Jumat, 16 Maret 2018

Sebagai Sang Anak Manja

Pada bulan februari tahun dua ribu lima (2005) silam pada sebuah pertandingan tandang berita bola ketika barcelona tengah menyambangi markas real zarargoza, samuel etoo menjadi sasaran ujaran rasisme oleh para pendukung tim tuan rumah. Kala itu ada sebuah bagian di tribun penonton dimana mereka menirukan suara monyet kearah lapangan setiap kali mantan punggawa tim nasional kamerun yang sempat membela chelsea, inter milan, serta sampdoria ini tengah mendapatkan operan bola dari lawannya. Hal yang bisa dibilang agaknya serupa juga tidak jarang didapatkan oleh pemain lain meskipun bukan bertujuan untuk melontarkan ujaran rasisme, seperti misalnya cristiano ronaldo yang kerap disoraki oleh pendukung lawan atau bahkan pendukung real madrid sendiri ketika dirinya tidak mampu menampilkan penampilan mengolah si kulit bundar diatas lapangan hijau yang konsisten sebagai bentuk kekecewaan mereka yang mampu menjadi kampiun.



Akan tetapi ironisnya, sang wasit fernando carmona mendez yang memimpin jalannya laga berita bola dunia antara tuan rumah real zaragoza berhadapan melawan barcelona kala itu tidak menyertakan kejadian yang sama sekali tidak mengenakkan tersebut pada laporan pertandingan yang diserahkan ke pihak penyelenggara setelah peluit panjang dibunyikan.
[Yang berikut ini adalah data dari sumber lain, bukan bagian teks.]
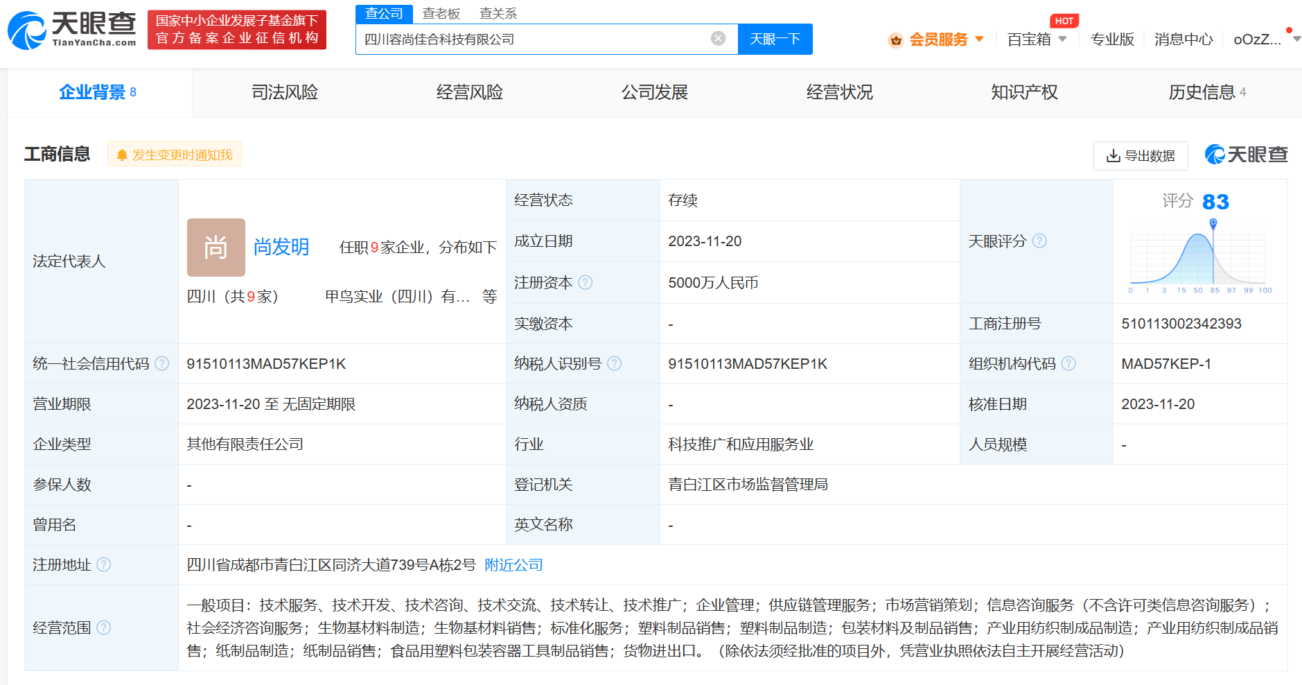 11月23日消息,天眼查App显示,近日,四川容尚佳合科技有限公司成立,法定代表人为尚发明,注册资本5000万人民币,经营范围含企业管理、供应链管理服务、社会经济咨询服务、生物基材料制造、标准化服务、塑料制品制造等。
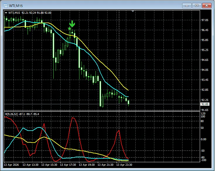 原油 WTI 15分足【RCIを極めて勝つ!!】mBDSRのサイン

Saat itu wasit fernando carmona mendez hanya mengatakan bahwa kelakuan para penonton, baik tim tuan rumah maupun tamu normal - normal saja. Meskipun begitu, pada akhirnya dua (2) orang dari sekian banyak yang melakukan ujaran rasis terhadap pemain sepakbola profesional yang memiliki tinggi badan seratus delapan puluh sentimeter (180 cm) tersebut ditangkap oleh polisi dan mendapatkan hukuman larangan menghadiri seluruh acara olahraga selama lima (5) bulan lamanya setelah sebelumnya mereka sempat teridentifikasi oleh pihak polisi dengan bantuan penonton lainnya ke liga sekelas rusia.



Tidak lama berselang, samuel etoo menyatakan dalam wawancara terbuka berita sepak bola indonesia mengenai perihal kejadian tersebut bahwa hukuman yang didapatkan oleh kedua pendukung real zaragoza tersebut dianggap masih jauh kurang dibandingkan yang seharusnya dan stadion real zaragoza, la romareda seharusnya ditutup untuk setidaknya satu tahun (1) lamanya atas insiden tersebut. Memang disini para pembaca atau orang - orang pada umumnya akan mengira bahwa seorang pemain sepakbola profesional yang lahir tanggal sepuluh (10) bulan maret tahun seribu sembilan ratus delapan puluh satu (1981) silam dikota douala, kamerun yang berposisi sebagai penyerang itu menunjukkan perlakuan yang agaknya kekanak - kanakan meskipun sebagian orang ada yang berpendapat bahwa hukuman tersebut sangatlah kurang. Namun sebagai seorang pesepakbola, samuel etoo sendiri seharusnya bisa menunjukkan rasa puas dan menerima keadilan yang sudah dijatuhkan kepada para pelanggar tersebut agar dirinya tidak mendapatkan cap sebagai sang anak manja didunia pesepakbolaan seperti sekarang ini.